Уже в машине, чувствуя себя вроде бы виноватым перед ним, я сказал:
— Булатов молодец. Честь и слава директору. Зачтутся ему сталь, чугун, прокат, зачтутся и горы огурчиков, помидоров, грибов. Богата наша область, но таких теплиц еще нигде нет!
— Нигде, кроме как у нас! На том взошли, на том стояли полвека и стоять будем. У нас все не как у других: лучше, больше, долговечнее, горячее, размашистее!
Неподалеку от орошаемых полей, по другую сторону Северного тракта, привольно раскинулось старое наше кладбище. Есть еще одно, новое, на правом берегу.
Бывая в родном городе хотя бы день, я всегда наведывался к Лене. Сорок лет прошло с тех пор, как она погибла. Я давно женат, обзавелся сыновьями, а первую любовь не забываю.
Когда мы доехали до перекрестка, я прикоснулся к плечу Егора Ивановича.
— Поверни, пожалуйста, вправо…
— Понятно… Мне тоже туда надо. Проведать жену. Два года назад Вера умерла. До последнего своего дыхания мою руку держала, шептала: «Егорушка!..» Я и теперь слышу ее голос. Особенно по ночам, в одиночестве.
Встряхнул головой, откашлялся, выключил мотор.
Мы молча разошлись.

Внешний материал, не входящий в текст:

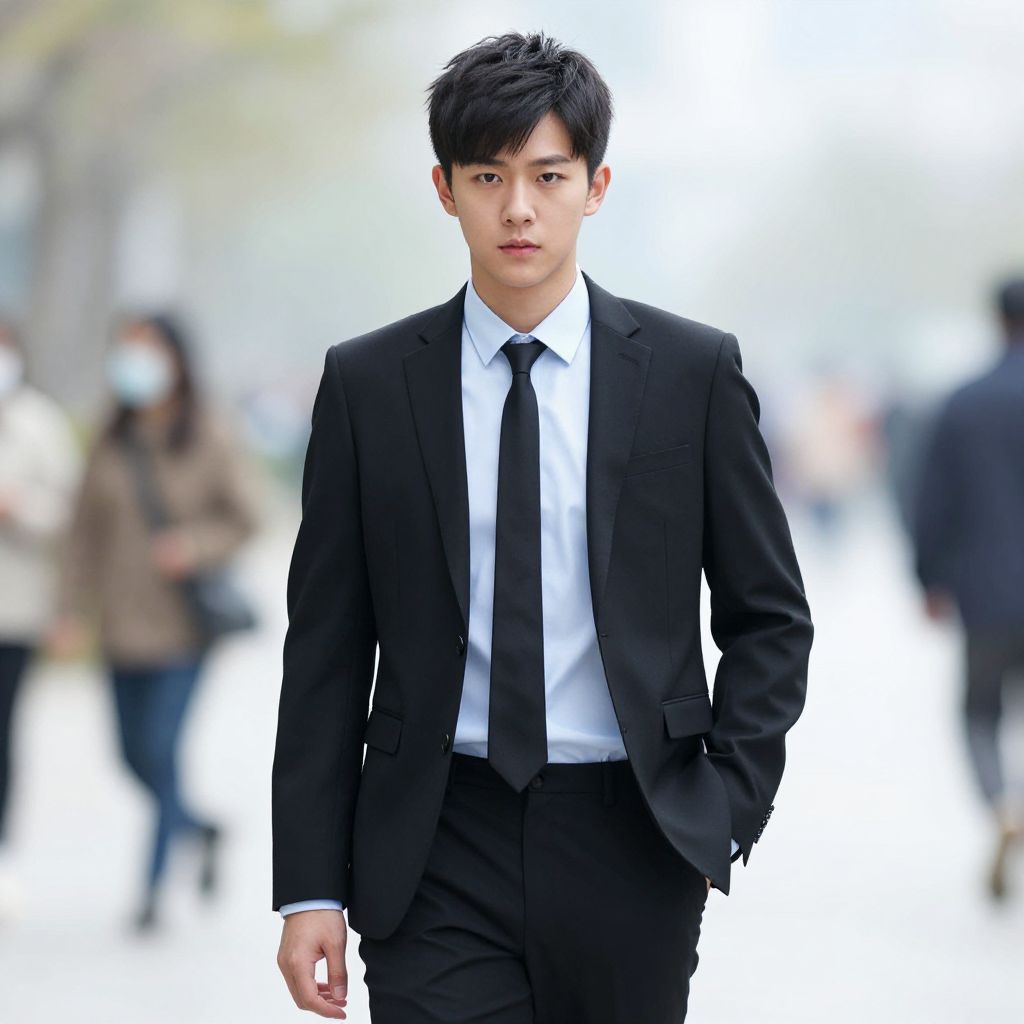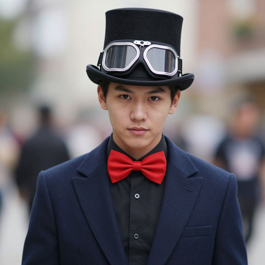 Young Asian man in black top hat with goggles, red bow tie, black suit, standing outdoors, blurred background, street scene.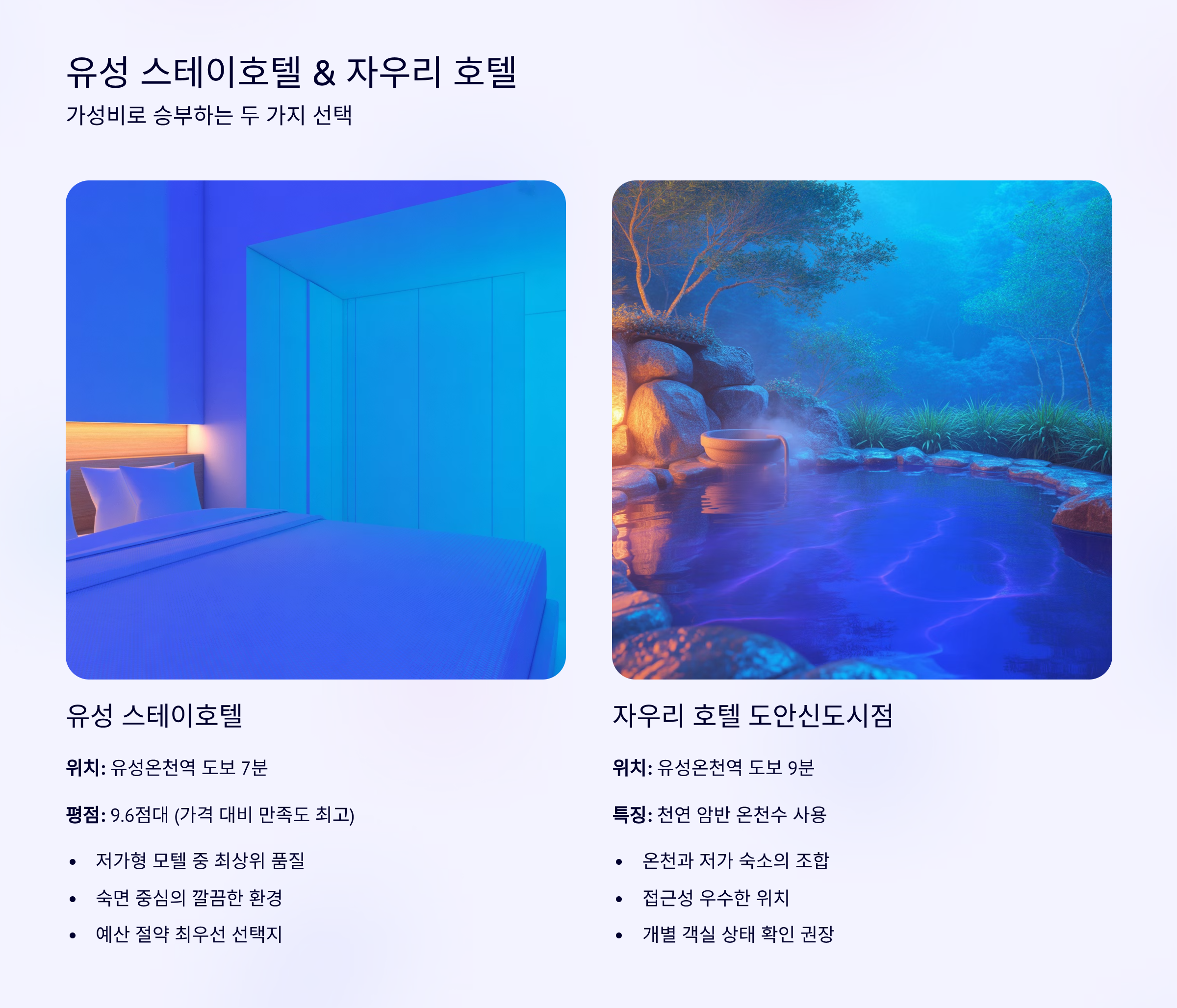 - 특징: 천연 암반 온천수를 사용한다는 안내 있음. 저가형 호텔·모텔 혼합 형태로 접근성 우수.

В разных концах кладбища лежат наши жены.
Километра на два, а то и на три растянулся последний приют усопших — от горы Дальней до границы степного простора. Весь он, этот приют покоя, в зелени. Лежат под камнем, железом, мрамором, гранитом первые, самые первые строители и металлурги, вынесшие на своих горбах громаду первой пятилетки.
Мы, живые, — потомки ушедших. И нас, когда мы присоединимся к ним, будут вспоминать добрым словом сыновья, внуки и правнуки. Этим мы и сильны, как никто в мире, — преемственностью добра и подвига.
Среди тысяч железных оград есть одна, особенно мне дорогая, — могила Елены Богатыревой. Одной из первых девушек она приложила свою руку к Солнечной горе и одной из первых отправилась сюда, к подножию горы Дальней. Потому и лежит почти у самого начала кладбища. Погибла она случайно, нелепо, под колесами маневрового паровоза…
Сорок лет миновало со дня ее кончины, а могила в таком порядке, будто Лену недавно похоронили: ограда свежеокрашена, цветут анютины глазки, незабудки. Камень у изголовья промыт не дождями, а чьей-то заботливой рукой. Не моей, увы!.. Кто же творил то, что следовало по долгу и совести делать мне? Не знаю.